I can promise you that I know what mind set you have to be in to make that decision. The planning, the internal argument and reasoning. Please, please, please just stop, just stop and listen to me for just one second. I can tell you that each and every one of your problems - no matter how big or small, no matter how hopeless or desperate it seems there are ways of solving it, they may not be easy or quick but they are solvable. You are not a burden. You are not better off dead. You are not "doing them a favour". There are people that will miss you, wish they had done more, think about you everyday and miss you beyond anything they could imagine. You are not worthless and pathetic. You are not unfixable. You are not damaged beyond repair. You are so much more than you think you are right now. You just need time. You need help. You need support.
I don't know you but I know that you are a human being and you should not be feeling like taking your life is the only option you have.

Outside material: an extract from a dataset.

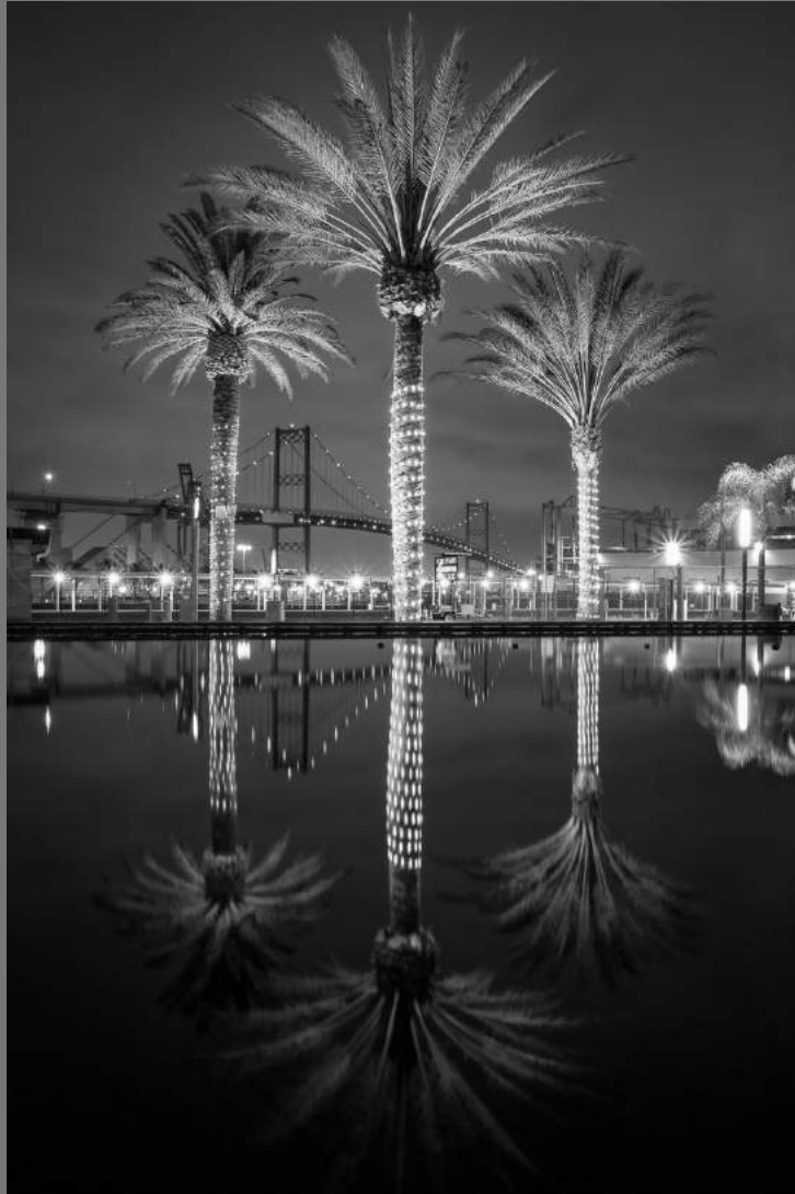
“SPIRIT OF SAN PEDRO” by JULIAN JOLLIFFE

Southern California Council of Camera Clubs

Things get better, it is a long and hard process but it is worth it. If you end your life you will never meet your perfect partner and fall in love. You will never get to have you perfect family. You will never fulfil all of the dreams you had as a child. If you end your life you just kill all hope of ever finding the happiness you deserve. You will never know.
Don't do it. Please get help. Please talk to someone, anyone. Please keep trying.
If you are or have been feeling suicidal, depressed or you feel you are struggling to cope, seek help. Having a bad day isn't the end of the world but of you can't remember the last time you had a good day, you should see someone - a doctor, therapist, parent, partner, friend.
You can call Samaritans on 116 123. You can go to your local GP and organise an appointment. Just anything. Please.
Things will get better, you just need to take the first step and when things get difficult keep moving forward.
So come on lads, let's stop two guys every hour from killing themselves. Lets get talking. It starts with you.